This is a technique that Oxy has been perfecting for decades in west Texas, and which Hollub believes will work in their fields in Colorado, Wyoming and Oman. “We will apply carbon dioxide to shale,” Hollub says. “There is still three times more shale recovery to go.”
Hollub is not as knee-jerk dismissive of ESG concerns as some of the summit speakers — because she thinks sequestering carbon dioxide underground is a viable engineered solution to the problem that will give Oxy “social license to operate.”
Speaking on a separate panel, Chris Kendall, CEO of Denbury Resources (soon to be acquired by ExxonMobil) explained that for decades they’ve been pioneering carbon dioxide injection along the Gulf Coast; their objective is to “pre-offset the emissions” from oil by sequestering more CO2 than the oil would eventually produce when used as gasoline or diesel. They call it “blue oil.”
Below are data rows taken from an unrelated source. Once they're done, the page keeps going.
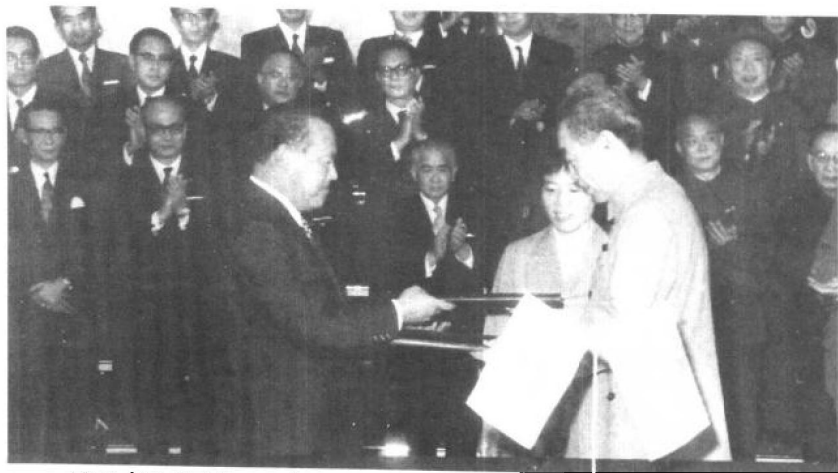
1972年9月29日，中日联合声明在北京签字，从而正式建立了外交关系。图为周恩来总理（前右）和日本田中角荣首相（前左）交换文本。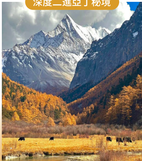
開啟一場震撼靈魂的 夢幻征途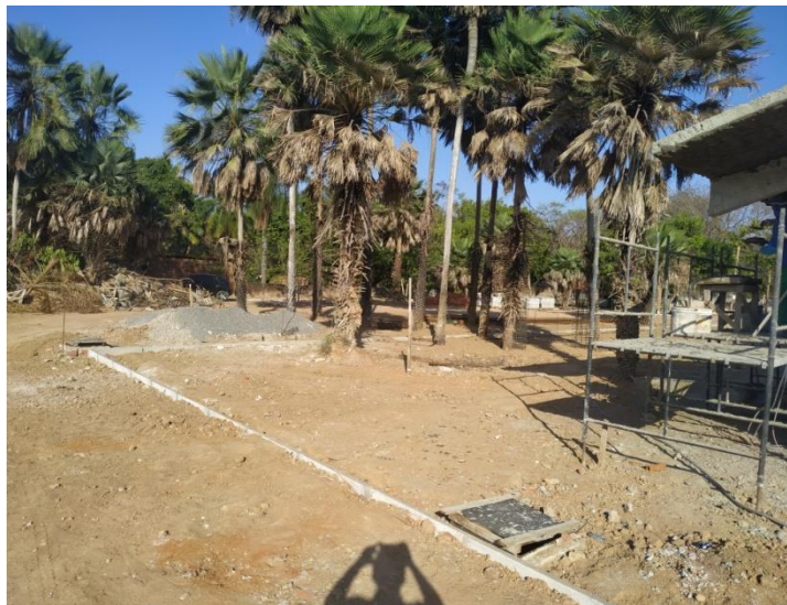
Execução de Guia-Meio Fio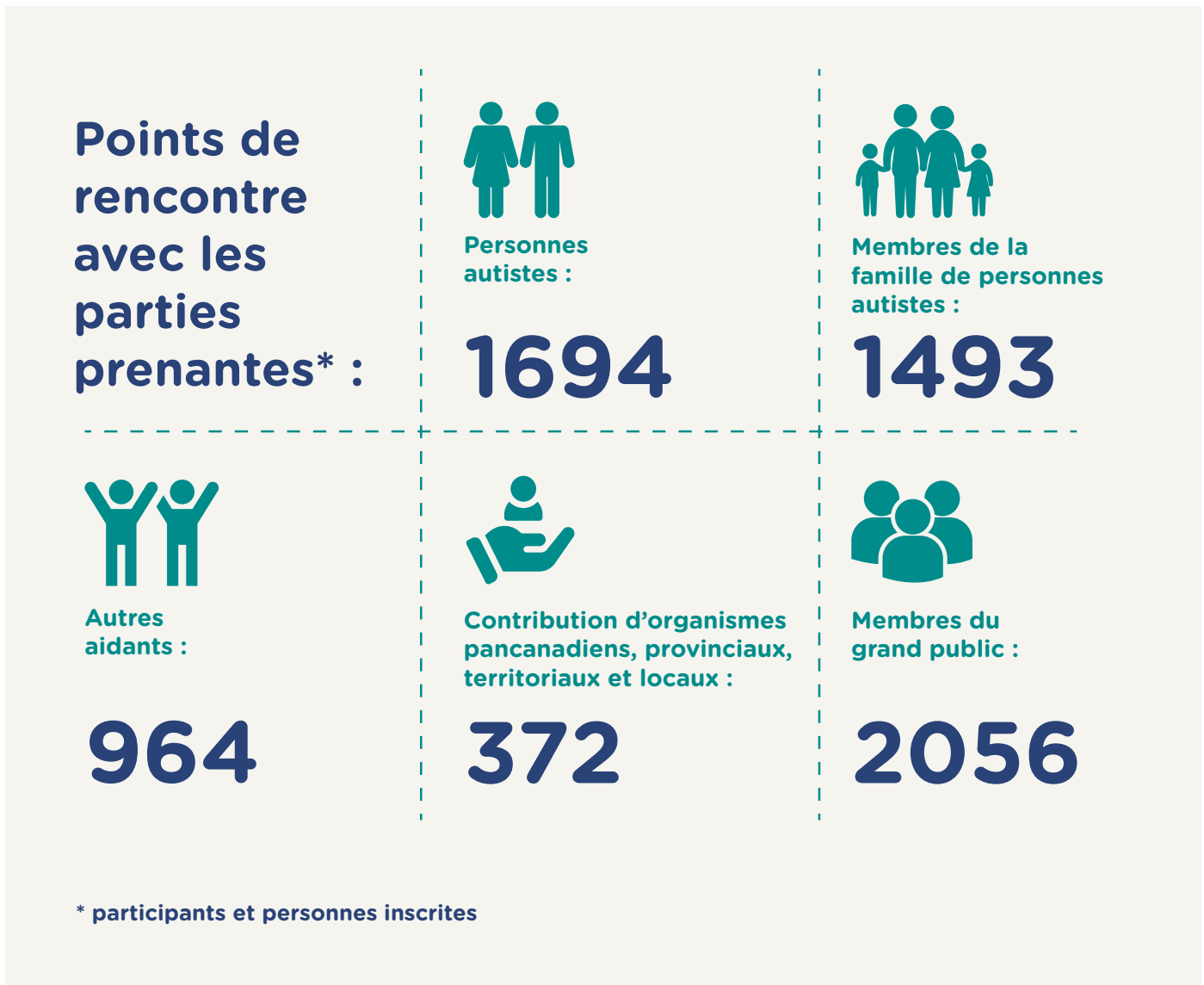
Figure 3 : Points de rencontre avec les parties prenantes par groupe de participants

Au cours du processus de consultation, des mesures ont été prises afin d'inclure et de donner la parole à des personnes qui n'avaient pas été prises en compte lors des consultations et des travaux de recherche précédents. Par exemple, le sondage pancanadien a suréchantillonné les personnes autistes 2SLGBTQIA+, des groupes de discussion ont été spécialement organisés

Hamm agrees, which is why Continental has invested $250 million into a project that will take CO2 produced at 34 corn ethanol plants across the midwest and move it by pipeline to North Dakota where they’ll inject it into porous rock layers that are naturally free from oil and gas deposits. Gov. Doug Burgum, speaking at the summit, said he expects “North Dakota’s geologic jackpot” to attract $40 billion in carbon sequestration investments.
“At these ethanol plants all the CO2 generated is just going out into the air,” says Hamm. “Why not capture that and sequester it and not pollute the air. It’s the right thing to do.”